**Description of the task**: In the material below, find the line with "メニューは、カツカレーライス" and the line with "There are some", then output both and every line between them exactly, omitting pictures.

**Data for the task**:
*** Block opens ***

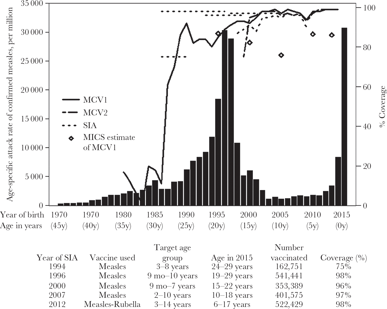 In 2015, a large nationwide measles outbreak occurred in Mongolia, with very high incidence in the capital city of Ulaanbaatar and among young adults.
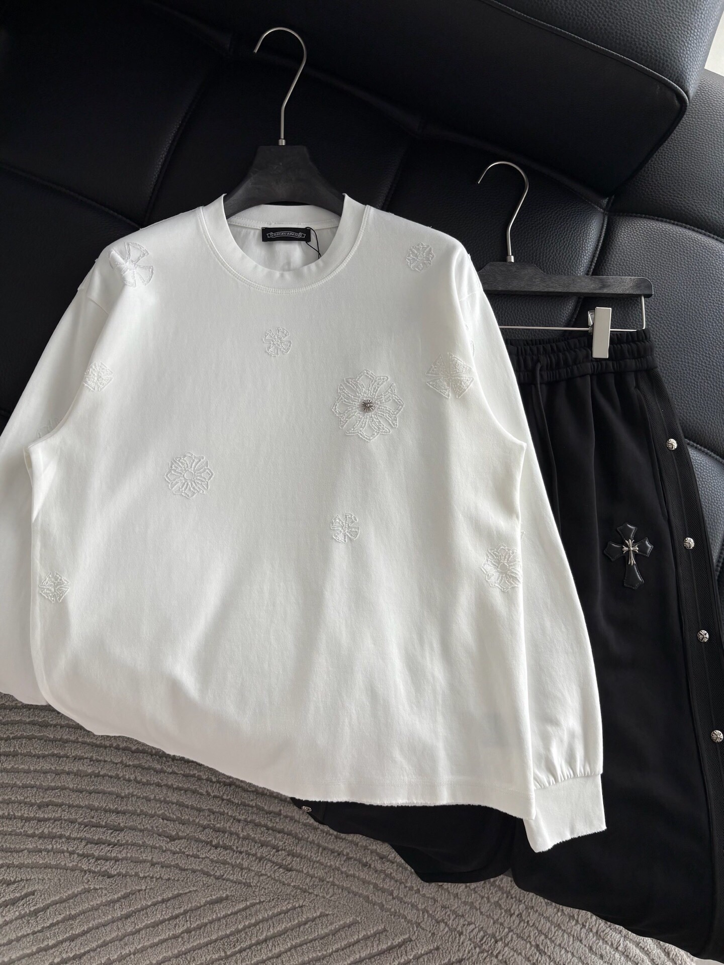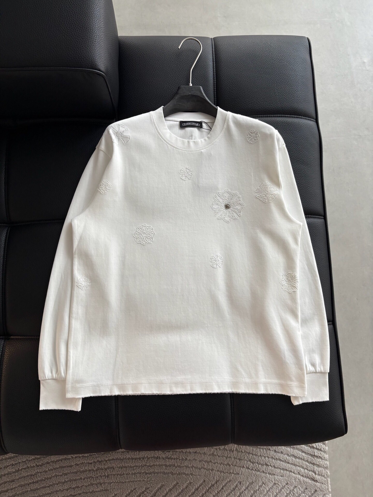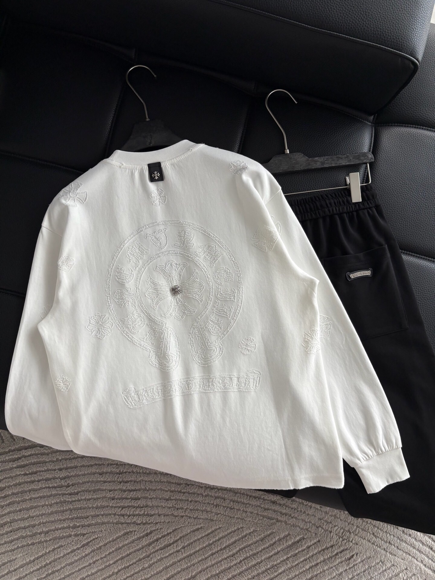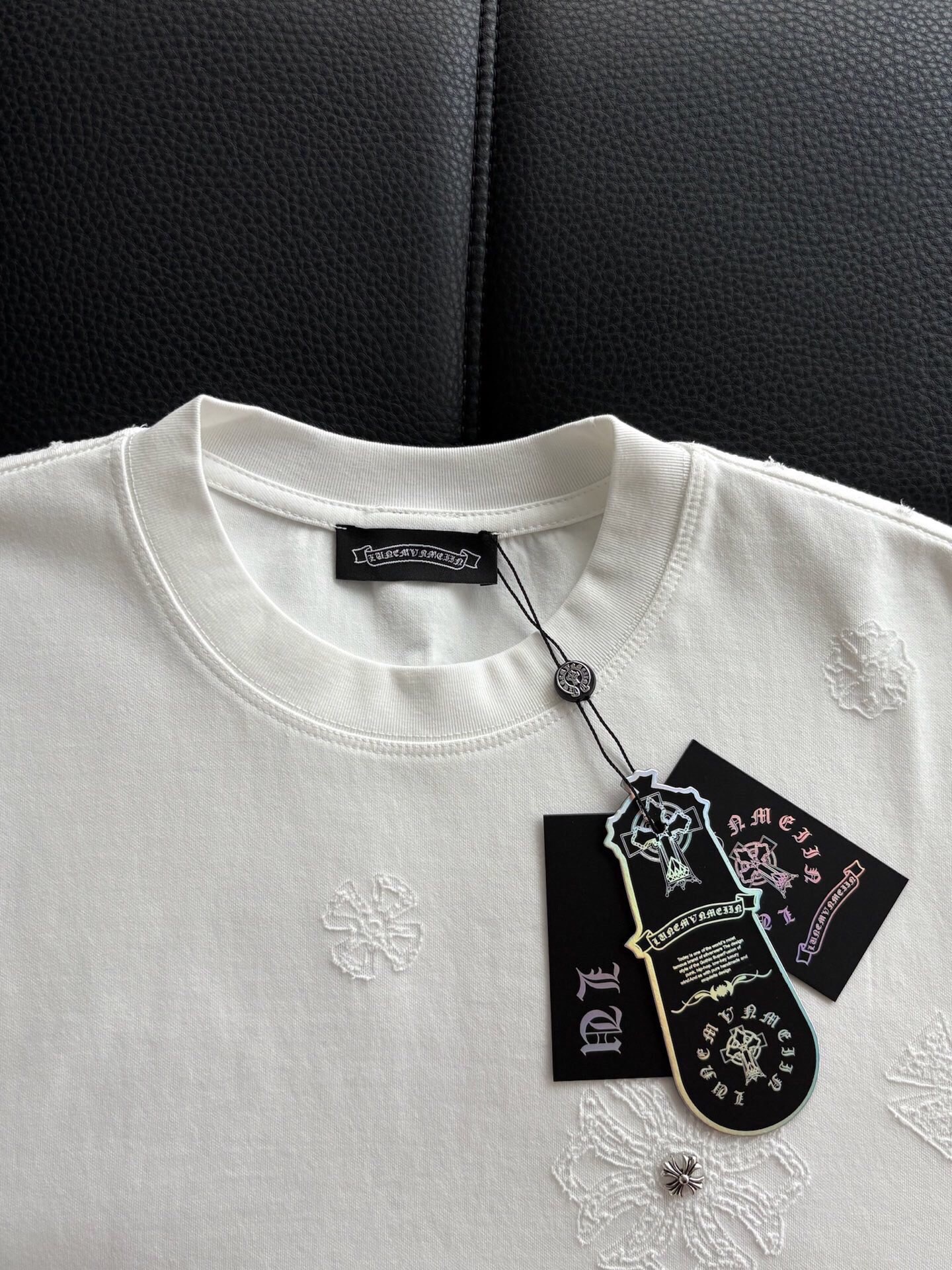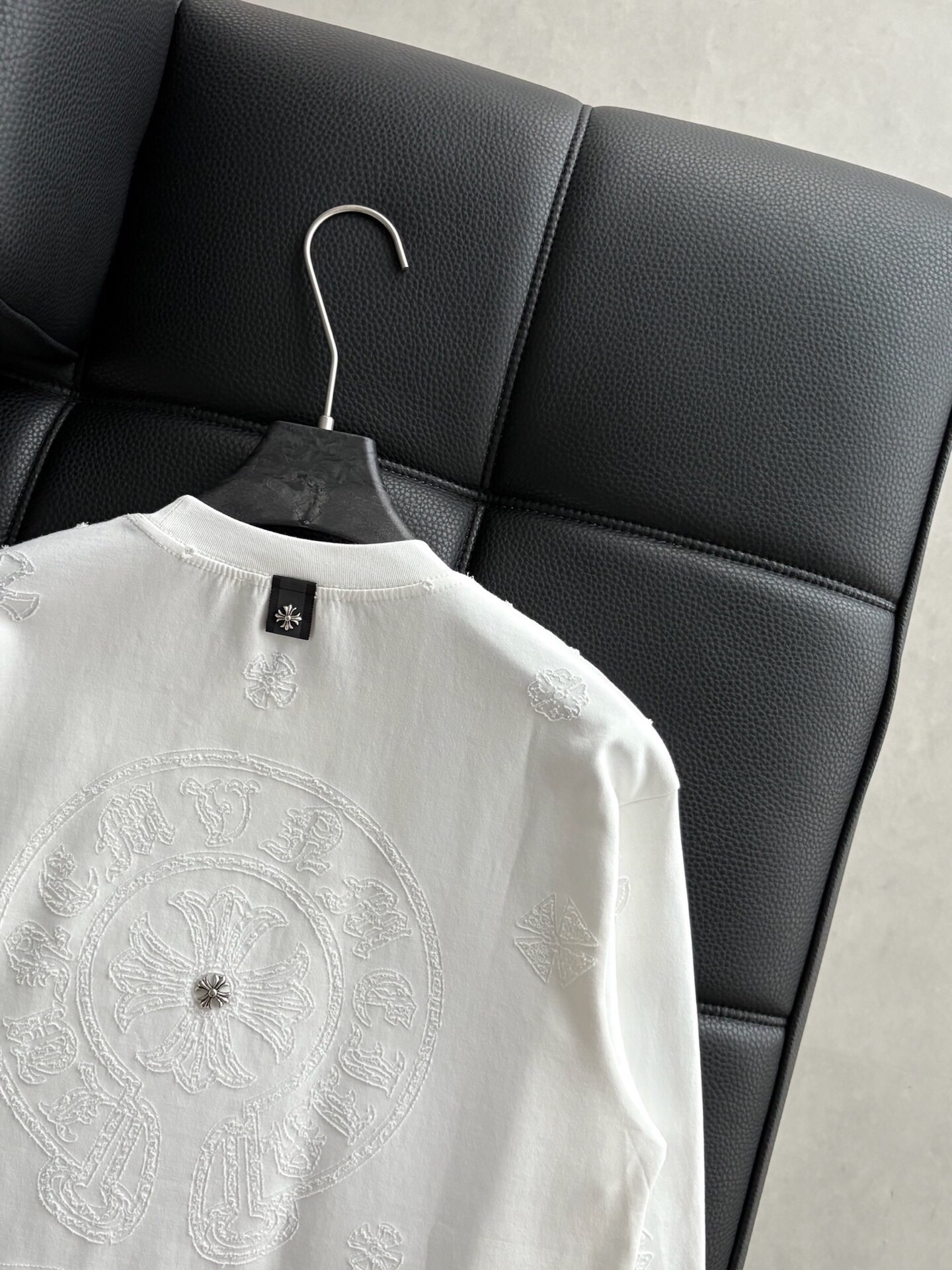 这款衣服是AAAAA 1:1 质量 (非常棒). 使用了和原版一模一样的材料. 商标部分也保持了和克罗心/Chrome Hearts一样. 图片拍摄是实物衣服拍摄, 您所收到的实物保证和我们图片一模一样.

*** Block closes ***
*** Block opens ***

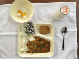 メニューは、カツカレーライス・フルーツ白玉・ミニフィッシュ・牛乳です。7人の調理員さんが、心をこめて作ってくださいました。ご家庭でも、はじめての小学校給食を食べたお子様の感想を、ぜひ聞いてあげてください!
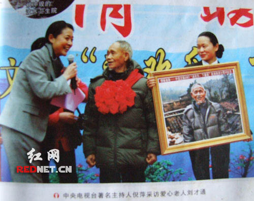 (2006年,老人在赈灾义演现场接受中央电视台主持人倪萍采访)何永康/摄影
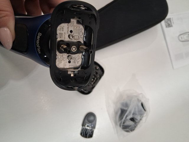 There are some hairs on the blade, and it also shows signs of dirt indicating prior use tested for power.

*** Block closes ***

**Completed task**:
 メニューは、カツカレーライス・フルーツ白玉・ミニフィッシュ・牛乳です。7人の調理員さんが、心をこめて作ってくださいました。ご家庭でも、はじめての小学校給食を食べたお子様の感想を、ぜひ聞いてあげてください!
 (2006年,老人在赈灾义演现场接受中央电视台主持人倪萍采访)何永康/摄影
 There are some hairs on the blade, and it also shows signs of dirt indicating prior use tested for power.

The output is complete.